제조 데이터는 센서, MES, ERP 등 다양한 소스에서 수집됩니다. Apache Airflow를 사용하여 데이터 수집과 전처리를 자동화합니다.

src/data/pipeline.py (수도코드)
# =============================================
# 제조 데이터 파이프라인 - 수도코드
# ETL: 센서/품질 데이터 추출 → 변환 → Feature Store 적재
# =============================================

# [1단계] 데이터 추출 (Extract)
함수 extract_sensor_data(start_date, end_date):
    # TimescaleDB에서 센서 데이터 조회
    쿼리 실행:
        SELECT timestamp, machine_id, sensor_type, sensor_value
        FROM sensor_readings
        WHERE timestamp BETWEEN start_date AND end_date
    반환 sensor_dataframe

함수 extract_quality_data(start_date, end_date):
    # MES DB에서 품질 검사 데이터 조회
    쿼리 실행:
        SELECT inspection_time, product_id, defect_type, severity
        FROM quality_inspections
        WHERE inspection_time BETWEEN start_date AND end_date
    반환 quality_dataframe

# [2단계] 데이터 변환 (Transform)
함수 transform_data(sensor_df, quality_df):
    # 센서 데이터 피벗 (sensor_type을 컬럼으로 변환)
    sensor_pivot = pivot(sensor_df, columns='sensor_type')

    # 시간 단위로 정렬 (1시간 기준)
    sensor_pivot.timestamp_hour = floor_hour(timestamp)
    quality_df.inspection_hour = floor_hour(inspection_time)

    # 센서 + 품질 데이터 조인
    merged = join(sensor_pivot, quality_df, on='hour')

    # 데이터 정제
    merged = handle_missing_values(merged)  # 결측치: 선형 보간
    merged = handle_outliers(merged)        # 이상치: IQR 클리핑

    반환 merged

# [3단계] 적재 (Load)
함수 load_to_feature_store(df, feature_group):
    # Feast Feature Store에 피처 저장
    store.write_to_offline_store(feature_group, df)

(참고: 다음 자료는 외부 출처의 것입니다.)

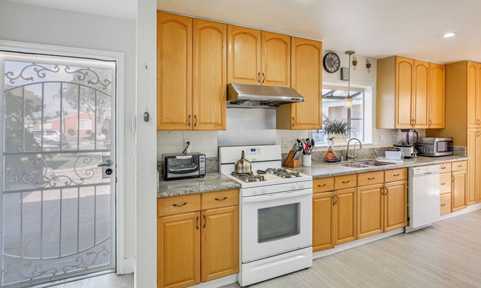 Welcome to the Central Home w/Grill < 3 Mi to Knott's Berry Farm, an inviting retreat in Buena Park, California, ideal for couples looking for a memorable wedding venue. This spacious 4-bedroom, 2-bathroom property provides a warm and romantic atmosphere that can accommodate family and friends while providing ample space for intimate wedding gatherings and receptions. The home's cozy elegance creates the perfect backdrop for celebrating your special day, and its outdoor areas offer a serene setting for post-wedding festivities.

# [4단계] 파이프라인 실행 (Airflow DAG)
DAG 설정:
    schedule = "매시간 실행"
    retries = 3회

함수 run_pipeline():
    sensor_df = extract_sensor_data(지난 1시간)
    quality_df = extract_quality_data(지난 1시간)
    transformed = transform_data(sensor_df, quality_df)
    load_to_feature_store(transformed, 'manufacturing_features')

Feature Store의 이점

Feature Store(Feast, Tecton 등)를 사용하면 피처 재사용, 학습-추론 일관성 보장, 피처 버전 관리가 가능합니다. 제조 환경에서는 수백 개의 센서 피처를 여러 모델에서 공유할 수 있어 개발 효율이 크게 향상됩니다.

5CI/CD 파이프라인

GitHub Actions를 사용하여 모델 학습과 배포를 자동화합니다. 코드 변경 시 자동으로 테스트를 실행하고, 모델 성능이 기준을 충족하면 프로덕션에 배포합니다.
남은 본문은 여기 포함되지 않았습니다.